I left the dogs in the truck to make this easier for everyone. While dogs are allowed around the cars, I didn't want them frolicking in the mud, or have Sadie intimidate the leashed smaller dogs that obediently followed their owners. I didn't stay long, though. I approached the carcasses, noticed the many layers of dried and dripping spray paint, took photographs, listened to the various languages, and returned to the truck. This is spray paint heaven! A busload of young people had arrived, many of the younger people carrying spray paint cans. At least now I can say I have been to the Ranch, a ranch that was created in 1974 and has since become a quirky roadside attraction for the wayward traveler. I can now mark this off my bucket list.
My next goal was to drive through Amarillo along Route 66. The turn-off to this was easy enough as there is a brown directional sign off I-40, but once driving north on S Western Street, I was getting restless not knowing how far I had to drive to find the iconic route and enjoy some history. But just as I was ready to call it quits, I saw the Route 66 sign and turned right (east) on 6th Street. I had made it! The first place I stopped at was an old Sinclair Gas station now converted into a cafe/b'ar with ample outdoor seating and an old, rusty Chevrolet truck parked outside. Moe Dog's Grill looks like a fun place to eat when open.
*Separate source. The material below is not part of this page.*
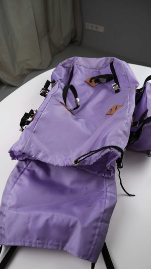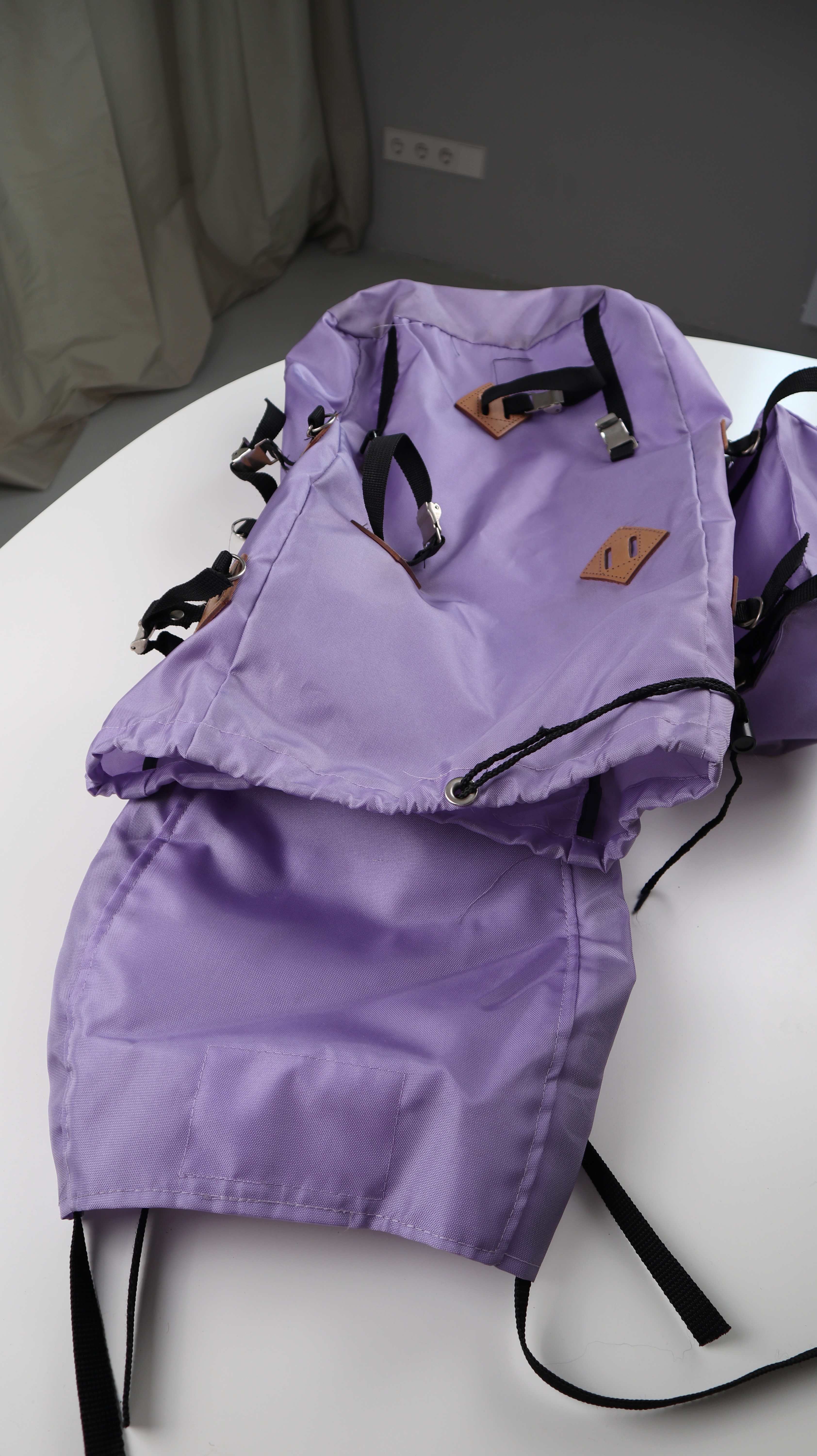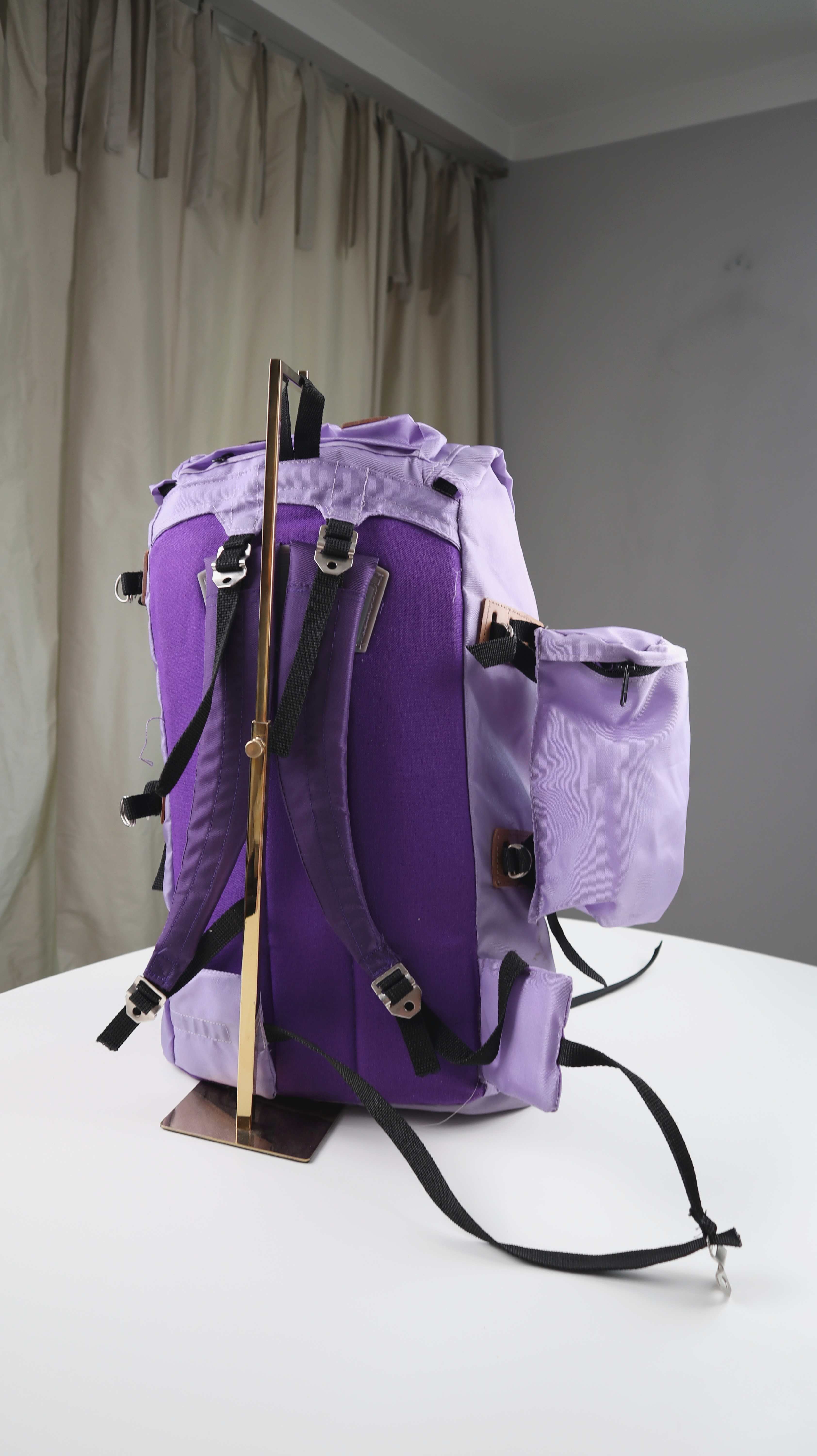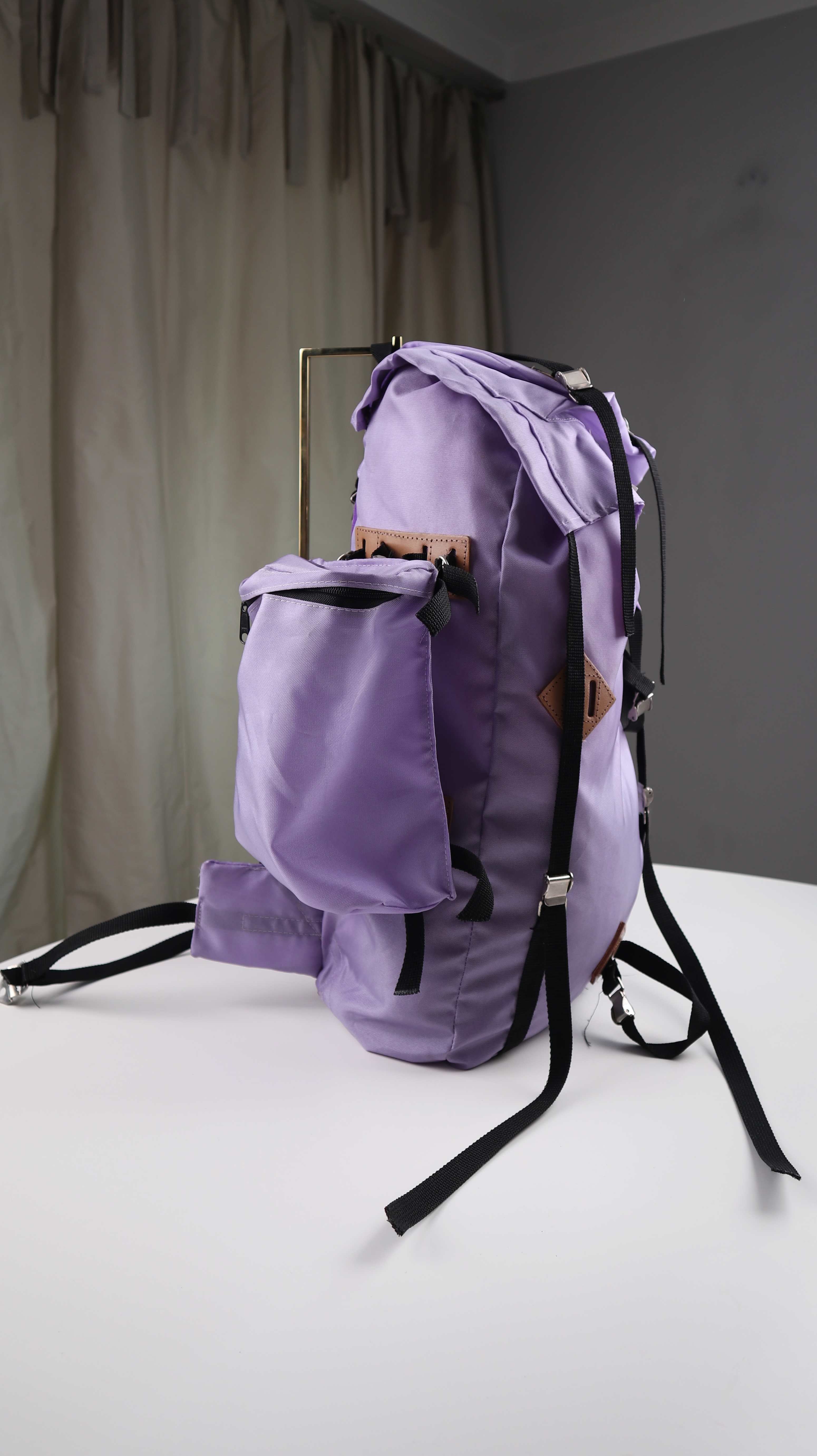 Wanderrucksack von Milka in Lila mit einer Seitentasche. Er ist Vintage und hat eine leichte Schulterpolsterung. Plus Versand

It was still too early for most businesses to open. It was 8:30am and I was ready for some coffee. I drove east on 6th street, pass Baxter's coffeeshop, Smokey Joe's cafe, Lil Abner's Pizza and Cocktail Lounge. Most of these storefronts look like post-Route 66 heyday establishments. Only a few besides Moe Dog's look original. The 13 streets that comprise the historic Route 66 in Amarillo are in the San Jacinto neighborhood, a rather run-down looking part of town.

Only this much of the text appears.